Don’t fear virtual conferences!

By Sarah Potts

Recently, I’ve been thinking about how Library and Archives Canada (LAC) staff, like many Canadians, have been working full time from home for almost a year. I also thought about how my work has changed during the pandemic. The reality is, my work as an acquisitions librarian never stopped, but my usual way of working and interacting with my field did. So when I had the opportunity to attend a virtual professional event, I jumped at it.

A colour photograph of a laptop on a wooden table, with a lamp and pens in the background.
Welcome to my office (it’s really just my dining room table)

Virtually engaged

I attended the Library Journal (LJ) Day of Dialog, an event that was launched over 20 years ago. Traditionally, it’s a one-day in-person event with multiple iterations throughout the year. The LJ Day of Dialog allows librarians and publishers to connect, talk and highlight the latest trends in books.

Because of COVID-19, the event became free and went online. Most of the sessions were pre-recorded. What had originally sold me on attending the conference was having live sessions, because it would remind me of what it was like to participate in a discussion in person.

The conference did have elements of an in-person event, though. There were opportunities to interact with fellow attendees, but through a chat function. We were able to exchange ideas, and sometimes to have a group discussion with authors. This situation was challenging, since both my mental tabs and my Internet tabs were at their maximum. I spent so much time looking up concepts that I forgot to engage with the very conversation I was a part of and to pay attention to the event! There was so much I could do that I worried I wasn’t doing enough on the day of the conference.

Despite knowing that I could access the sessions afterward, I still worried that if I didn’t attend the event as it happened, I would miss something important at the moment. I found it hard to step away from my computer and take a break. I even found myself checking social media “just in case” I missed something. I knew then that I was experiencing FOMO, the “fear of missing out.”

Too much to attend, too little “time”

The term FOMO was popularized in the early 2000s by American author and researcher Patrick McGinnis. Essentially, it means that when you step away from an event or discussion, you worry that you’ll miss something important or exciting. In my case, I thought of never-ending what-ifs and questions. I asked things like, “If I step away from the event, will I miss making a connection with someone?,” “Could stepping away mean that I’m not fully engaged?,” “What if I don’t ask a question during the session? Will my colleagues think less of me?” I spent more time worrying about what could happen than enjoying what was actually happening.

My FOMO extended beyond the conference sessions. I had trouble disconnecting from my other work, too.
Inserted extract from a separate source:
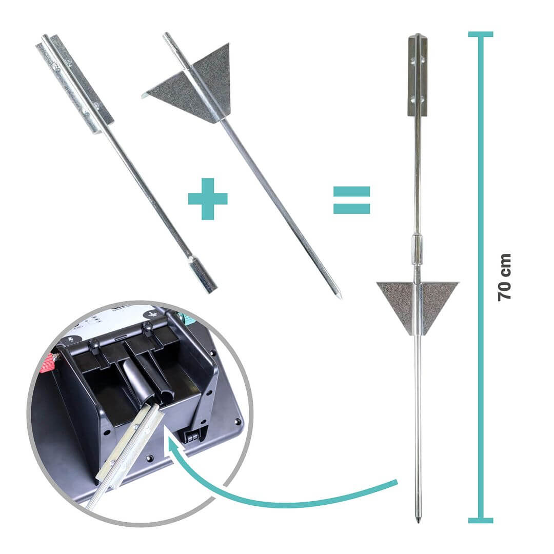 The mounting bracket on the rear of the device allows the fence to be attached to a special mounting and also earthing pole (included) at any location. For correct orientation of the solar panel to the sun, use the 360º rotation option. The device can also be mounted on a T-post or universal U-post.

When attending an in-person conference, I often don’t check my work emails, instant messages or phone. But while attending the LJ Day of Dialog, I couldn’t help myself. If a client emailed me, I would email back immediately; if one of my colleagues sent me an instant message, I felt compelled to respond right away. I felt that if I left my work for a while, I was doing something wrong. It’s an unsettling feeling, and it’s heightened when I work from home. I knew it wasn’t healthy, but I couldn’t disconnect.

Ottawa, we have a problem

It took someone else, in this case my mom, twisting my arm to get me out of that state of mind. She reminded me that it’s healthy to step away and reconnect with myself. Stepping away allowed me to refresh and engage in a more meaningful dialogue with publishers.

A colour photograph of a park with trees.
I became so obsessed with staying connected that I didn’t disconnect and ended up using my “break” when I went for a walk at a local park to continue listening to the conference (location: Queenston Heights National Historic Site, Niagara, Ontario)
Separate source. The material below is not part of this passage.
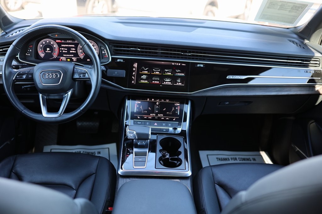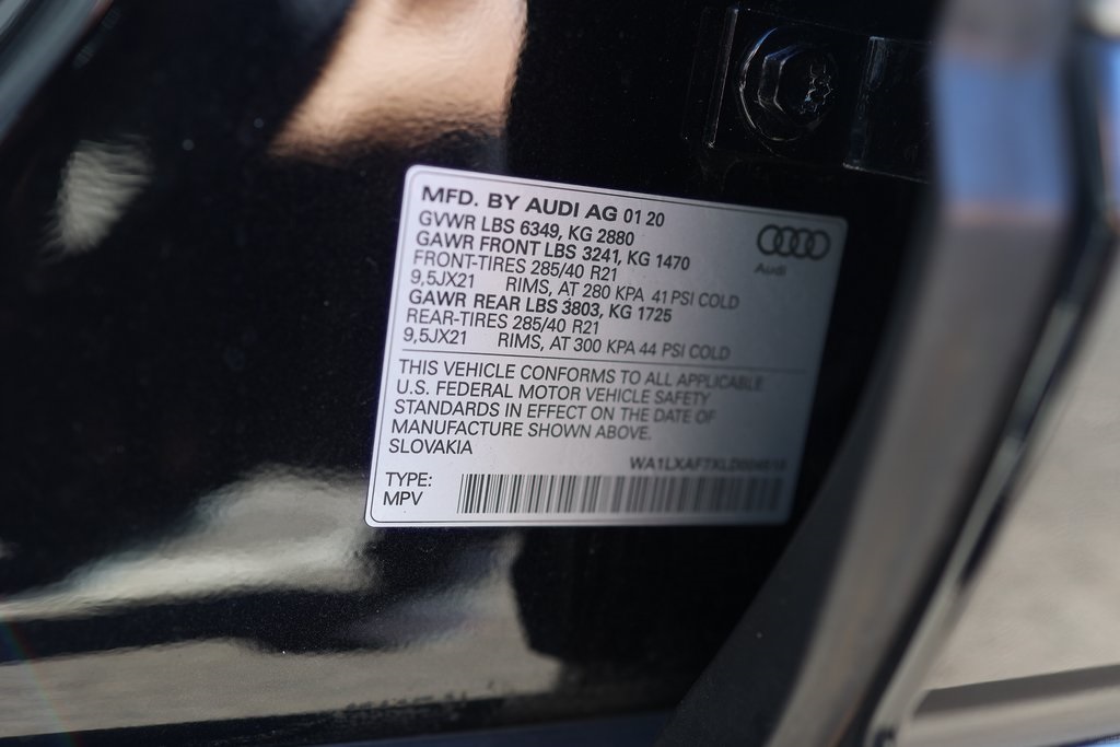 Black 2020 Audi Q7 55 Premium Plus quattro quattro 8-Speed Automatic with Tiptronic 3.0L TFSI V6 DOHC 3D Bose Surround Sound System, 3rd row seats: bench, Ambient Interior Lighting Package, Audi Phone Box w/Wireless Charging, Audi Side Assist w/Pre Sense Rear, Convenience Package, Exterior Parking Camera Rear, Heated Auto-Dimming Power Folding Exterior Mirrors, Heated door mirrors, Heated Front Bucket Seats, Illuminated Door Sills, Navigation system: Audi MMI Navigation plus with Touch Response, Power Liftgate, Premium Plus Package, Topview Camera System, Wheels: 21" Audi Sport 5-Dbl-Spoke Modular- Design.Recent Arrival!

I’m not saying that attending a virtual conference is terrible, but it presents challenges that I had never encountered before. I enjoyed the opportunity to connect with librarians worldwide; I connected with international authors and their publishers. Looking back, I now see the benefit of going and viewing the pre-recorded sessions once more. I can learn at my leisure, and catch concepts I missed the first time when I was caught up “in the moment.” I was able to grow and learn more about my work style.

Many Canadians have published online articles (in French) (isn’t it ironic?) and shared ideas (in French) about overcoming FOMO (in French). Most shared the same solution: step away and embrace the joy that comes with living in the moment. It may be hard at first—I can attest to this!—but it makes the event more enjoyable and, in my case, more comfortable to focus on.

At LAC, we’re lucky to hold a few books by Canadian authors and publishers on this topic. These are some fantastic options!

  • The Joy of Missing Out: Finding Balance in a Wired World by Christina Crook, New Society Publishers (2015). OCLC 897352546
  • Taking a Break from Saving the World: A Conservation Activist’s Journey from Burnout to Balance by Stephen Legault, Rocky Mountain Books (2020). OCLC 1201519705
  • It’s My Tree (translation of C’est mon arbre) by Olivier Tallec, Kids Can Press (2020). OCLC 1135581755

Sarah Potts is an acquisitions librarian in the Legal Deposit section of the Published Heritage Branch at Library and Archives Canada.

Working while parenting isn’t new, most of us are just out of practice

By Krista Cooke

A black-and-white photograph of two women seated on benches in a log cabin. They are working at a large weaving frame while a small child rocks a baby in a cradle nearby.

Two women work at a weaving frame while a nearby child amuses the baby, Cap à l’Aigle, Quebec, ca. 1910 (a040744)

“Pandemic parenting” has been causing stress for families around the globe, above and beyond the strain of living in a global health crisis. This period has been tough, even for those lucky enough to be able to take a leave of absence or access emergency funding sources. For emergency workers, single parents, those living in tight spaces, those in poverty, or families dealing with domestic violence or mental health issues, the stress of pandemic parenting is acute. For others, like me, having both parents working at home with young children to care for, home-school, clean up after, feed and entertain, the past few months have not been easy either.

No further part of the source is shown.